遥かなり、貴志の村(4)
柳営につめていても、進物の番士としては、それほど忙しいわけではなかった。
50人いる進物の士は、5人ずつ10班にわかれており、うち3班が西丸であった。
各藩からの西丸の世嗣への進物の数は、おもうほど多くはなかった。
控え部屋で役目を待っているとき、平蔵(へいぞう 31歳)は、同輩から離れ、里貴(りき 32歳)が帰っていった貴志の村をおもいえがくのが癖Iになっていた。
紀州藩士の孫にあたる寺嶋縫殿助(ぬいのすけ)尚快(なおよし 44歳 300俵)から、紀州はちょっと内陸へ入ると山ばかりと聞いたので、これまで見分したそれらしいところを重ねあわせてみた。
14歳のときに、島田でお芙佐(ふさ 25歳)の手ほどきで男になり、再会に胸をふくらませながら詣でた先祖の墓所---駿河国小川(こがわ)の林叟院への樹間の参道とか---。
【参照】2007年7月16日[仮(かりそめ)の母・お芙沙(ふさ)]
[林叟院の探索]
いや、貴志池というから、18歳でややを宿させた人妻・阿記(あき 21歳)の実家の芦ノ湯村から、芦ノ湖ぞいに箱根関所へ出たあたりの湖水をのぞめる風景が、それに似ているのかも。
【参照】2008年1月2日~[与詩(よし)を迎えに] (13) (14) (15)
〔中畑(なかばたけ)〕のお竜(りょう 30歳)と24歳の平蔵が、掛川城下から山あいを縫うように村落から村落を通りすぎた相良への道中の風景が、貴志川ぞいに連なっているらしい西、中、東とを冠した貴志の村々であろうか。
【参照】2009年1月25日[ちゅうすけのひとり言] (30)
その風景に里貴の姿態をはめこんでも、里貴はすぐに裸躰に近くなってしまう。
(北斎『ついの雛形』 イメージ)
家で独りのときには、着ているものに躰をしばられているのが嫌なのだといい、平蔵がいても帯を解いて着替えた。

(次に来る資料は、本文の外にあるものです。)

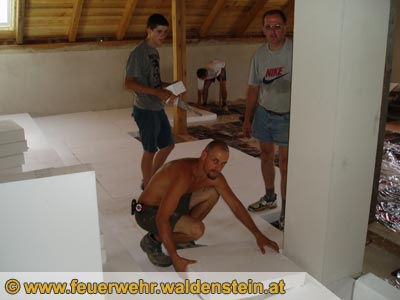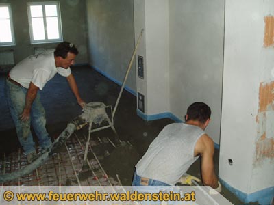 Jetzt wurde mit dem Innenputz begonnen, es wurden alle Räumlichkeiten vom Dachboden bis zum Keller innerhalb kürzester Zeit verputzt. Danach wurden alle Räume mit einem Estrich versehen.
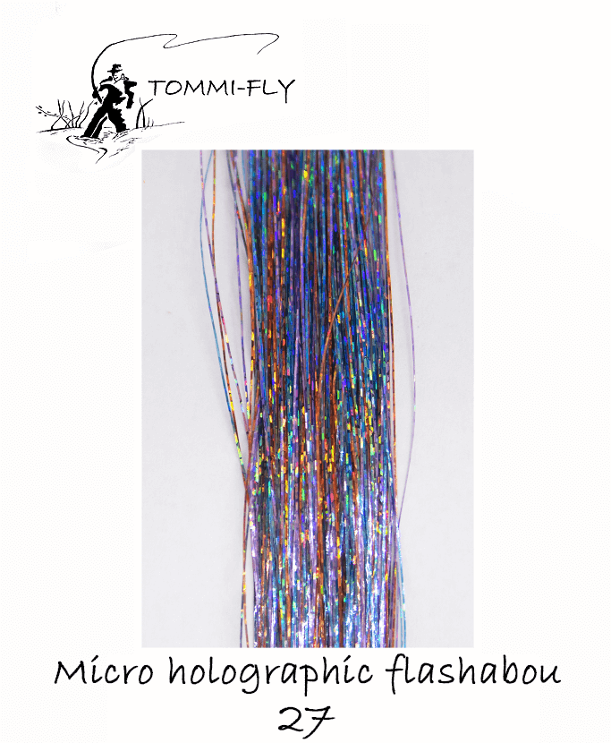 Micro holographic flashabou je muškařský vázací materiál vhodný zejména pro vázání streamerů a jezerních lur. Přidává se do hřbetů pro zvýraznění streamera. Je připraven ve 32 barevných variantách a 2 velikostech.
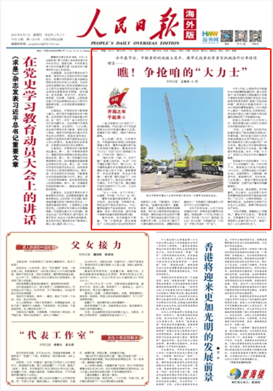4月1日,《人民日報》(海外版)頭版發表了《瞧!爭搶咱的“大力士”(開局之年幹起來)》文章。人民日報記者以走進中聯重科麓穀工業園的一線見聞,呈現了公司生產、銷售的繁忙圖景;講述了履帶起重機高端市場從最初被歐美品牌占據,到如今以中聯重科為代表的中國製造“大力士”熱銷海內外。文章聚焦中聯重科,向海內外讀者生動地展現了中國裝備製造的技術實力以及市場活力,也展示了“十四五”開局之年中國裝備製造企業的新氣象、新風貌。

ということは、御宿(しゃく)稲荷脇のあの家では、最初(はな)から平蔵は客あつかいではなく、こころをすっかすり許していたということだ。
光を透すほどに白い里貴の肌が、渡来人のおんなの天与のものと聞かされても、違和感をおぼえなかったばかりか、その肌が淡い桜色に染まっていくのをたしかめつつ、平蔵は快美の感を高めた。

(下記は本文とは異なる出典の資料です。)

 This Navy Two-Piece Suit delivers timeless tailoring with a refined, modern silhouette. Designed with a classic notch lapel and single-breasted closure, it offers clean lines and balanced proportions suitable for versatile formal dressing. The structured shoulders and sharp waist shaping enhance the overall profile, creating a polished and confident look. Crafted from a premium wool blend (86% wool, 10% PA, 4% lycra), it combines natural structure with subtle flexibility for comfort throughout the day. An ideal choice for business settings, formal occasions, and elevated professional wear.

その昂ぶりが伝わるらしく、乳房や下腹ばかりでなく、太ももや腕(かいな)へも桜色は浮きあがっていった。
そういう:閨房の秘事よりも、もっと大きな打撃を覚悟している平蔵であった。
25歳で夫・藪 保次郎春樹(はるき)と死別してからの里貴は、、お側衆・田沼主殿頭意次(おきつぐ)の奥向き女中となり、来客とのあいだに交された秘匿の会話を耳にし、茶寮〔貴志〕の女将の座についてからは、お歴々衆とも顔馴染みになっていた。
寝屋にいるとき、ときにふれて洩らしてくれた断片から、平蔵は政事というものの虚飾をとりさった実体を推察することができた。

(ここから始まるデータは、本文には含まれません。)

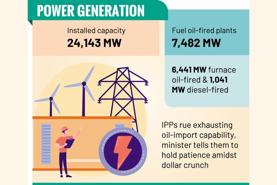 The private-sector power producers rue that they have exhausted furnace oil-import capability for dollar crunch while the minister concerned tells them to hold patience for some more days. “Given a lead time of 40 days, there is no clear line of sight for June and July 2023 fuel imports,” vice president of Bangladesh Independent Power Producers Association (BIPPA) Md Mozammel Hossain said during an FERB dialogue at Biddyut Bhaban in Dhaka Monday.
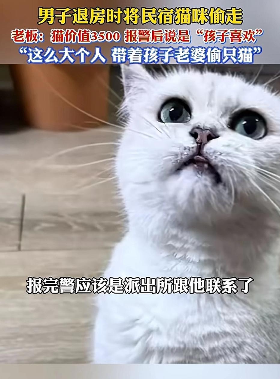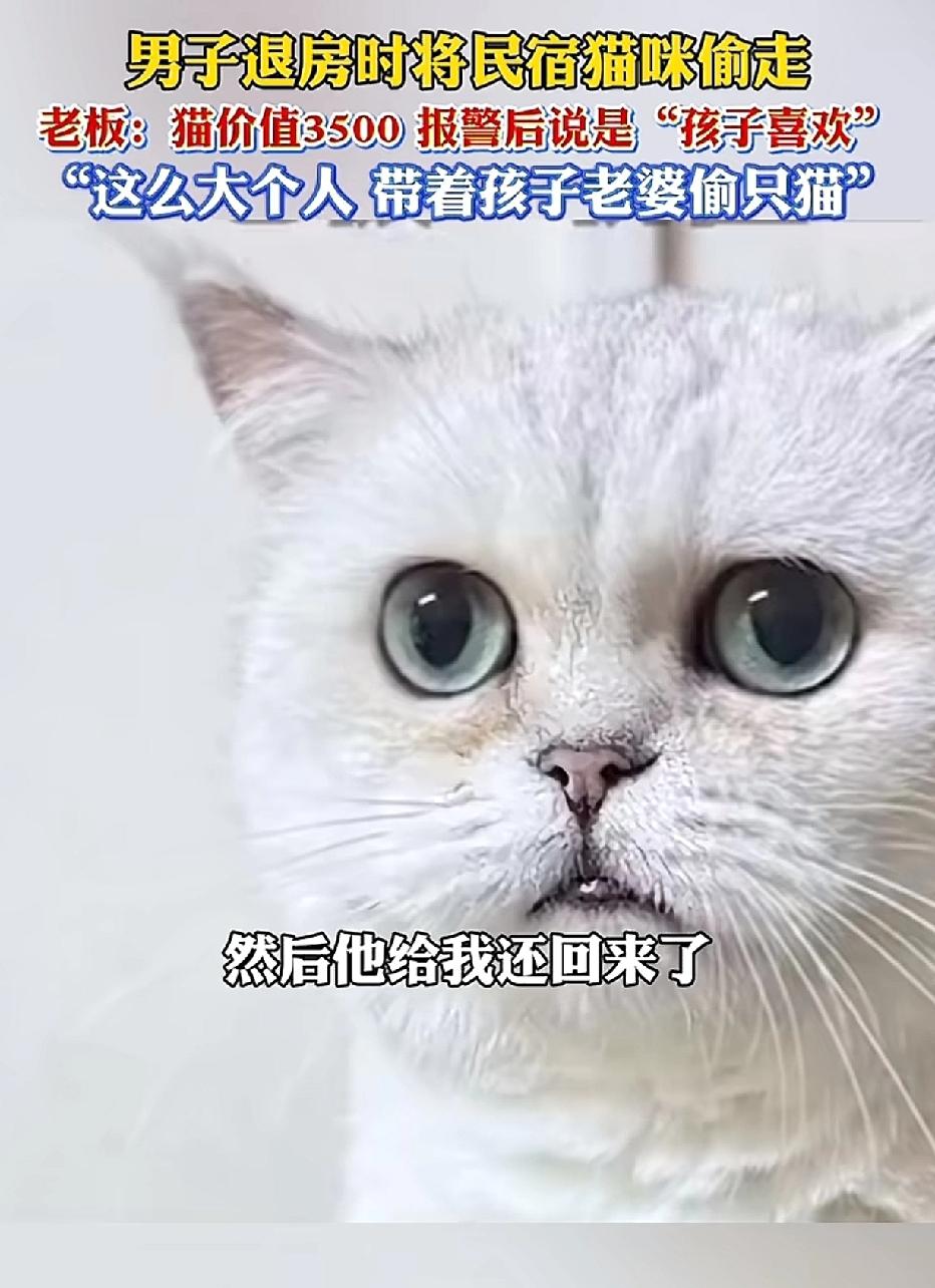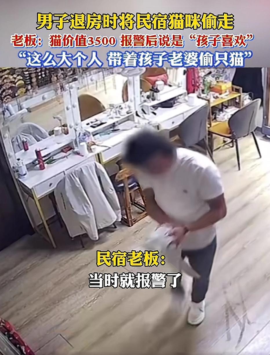 一家人前往河南洛阳旅游,男子在民宿中见到一只银渐层猫,喜爱至极,便轻轻将猫抱进了房间。 随后,一家人迅速办理退房离开了。 两小时后,民宿老板发现猫不见了,便调取监控,才知道是男子把猫抱走了,这只猫价值3500元。 民宿老板首次给男子打电话,无人接听,再次拨打时已被拉黑。 民宿老板报了警,警察致电男子后,猫才被送回。 男子解释称,是孩子喜欢这只猫,所以才把猫装进了行李箱带走。男子诚恳地向民宿老板道歉,并获得了谅解。 孩子喜欢别人的东西,家长就能将其据为己有吗? “有其父,必有其子”并非是必然的宿命,而是在警醒家长:你的一举一动皆是孩子最直观的示范,你期望孩子成为怎样的人,自己首先要朝着那个方向努力。 来源:发现大连

柳営内の裏の動きを、これからどうやってたぐればいいのか、どうにも、おもいつかなかない。
(西丸の主---大納言家基(いえもと 15歳)さまが将軍職を継いで本丸へお移りになるまで、政事から遠ざかっておれということであろうか)
それでは、火盗改メの座がまわってこないままで終わるかもしれないではないか。
遥かな貴志の村におもいをはせつづけていないで、近くに道を開くよりほかあるまい。
そんな考えを行きつ戻りつしていたとき、
「長谷川さま。与(くみ 組)頭さまがお呼びでございます」
耳元でささやいた同朋(どうぼう)の声に、われに返った。